Some of the pre-Huffman compression include schemes like runlength coding (fax machines). Runlength coding is still sometimes used (JPEG, again) in combination with Huffman coding.
是的,它们用于生产。
正如其他人提到的,真正的霍夫曼要求您首先分析整个语料库以获得最有效的编码,因此它通常不会单独使用。
可能在你出生后不久,我在 Psion Series 3 手持计算机上用 C 语言实现了霍夫曼压缩,以压缩预加载到数据包中并且仅在手持计算机上解压缩的数据。那个时候,空间紧张,也没有内置的压缩库。
与大多数明确指定的软件一样,我强烈考虑使用 iOS 内置的任何功能或开发环境中可用的标准包。
这将节省大量调试工作,并让您能够专注于应用程序中最重要的增值部分。
大量文本将适合 zip 式压缩。从长远来看,花费精力改善其性能(无论是空间还是时间)不太可能获得回报。
Yes, they are used in production.
As others have mentioned, true Huffman requires you to analyze the entire corpus first to get the most efficient encoding, so it isn't typically used by itself.
Probably shortly after you were born, I implemented Huffman compression on the Psion Series 3 handheld computer in C in order to compress data which was preloaded onto data packs and only decompressed on the handheld. In those days, space was tight and there was no built-in compression library.
Like most software which is well-specified, I would strongly consider using any feature built into the iOS or standard packages available in your development environment.
This will save a lot of debugging and allow you to concentrate on the most significant portions of your app which add value.
Large amounts of text will be amenable to zip-style compression. And it will be unlikely that spending effort improving its performance (in either space or time) will pay off in the long run.
iOS 有一个嵌入式机制来支持 zlib 算法(Objective-C 中的 zlib.h)。
您可以实现自己的压缩功能和 利用 iOS 嵌入式 zlib 函数。并比较性能。
我认为嵌入式 zlib 功能会更快并且会提供更高的压缩比。
There's an iOS embedded mechanism to support zlib algorithm (zlib.h in Objective-C).
You may implement your own compression functionality and utilize iOS embedded zlib functions. And compare the performance.

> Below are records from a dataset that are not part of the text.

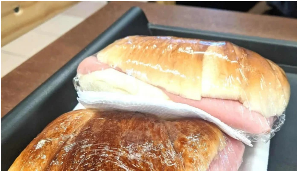
El chana cafe comentario 7
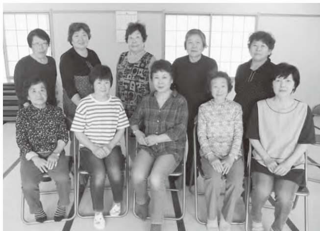
「働いた後でも元気にやっています♪」と頑張る皆さん

・筋トレ体操を続けていたら膝の動きが良くなった・満更でもない・お茶のみとおしゃべりが楽しい・世間話も大事・料理教室みたい・笑いが絶えない・みんなに会えるのが楽しみなど
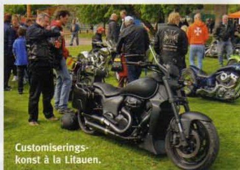
Customiseringskonst à la Litauen.
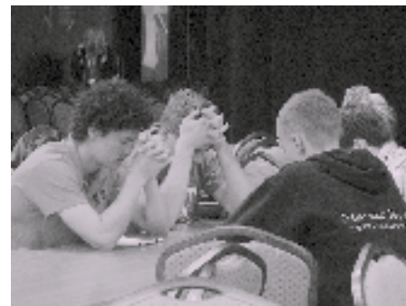
Laten we blijven bidden dat Gods werk zichtbaar wordt op de (gereformeerde) studentenverenigingen
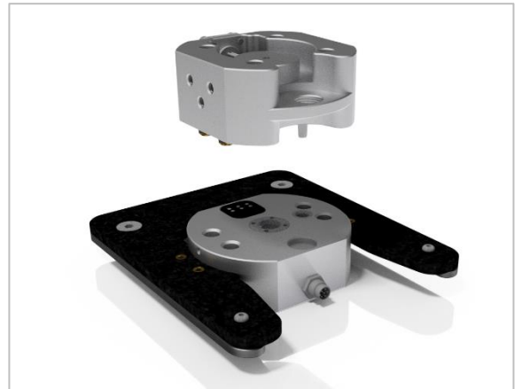
Abbildungen enthalten Zusatzausstattung

I think the embedded zlib functionality will be faster and will give higher compression ratio.
霍夫曼代码是许多“现实世界”生产算法的支柱。当今常见的压缩算法通过转换数据来提高压缩率,从而对霍夫曼代码进行了改进。当然,有许多特定于应用程序的技术可用于执行此操作。
至于是否应该使用霍夫曼代码,我的问题是,当您可以通过使用已经实现的第三方库实现更好的压缩和简化代码时,为什么要使用霍夫曼代码呢?
Huffman codes are the backbone to many "real world" production algorithms. The common compression algorithms today improve upon Huffman codes by transforming their data to improve compression ratios. Of course, there are many application specific techniques used to do this.
As for whether or not you should use Huffman codes, my question is why should you when you can achieve better compression and ease of code by using an already implemented 3rd party library?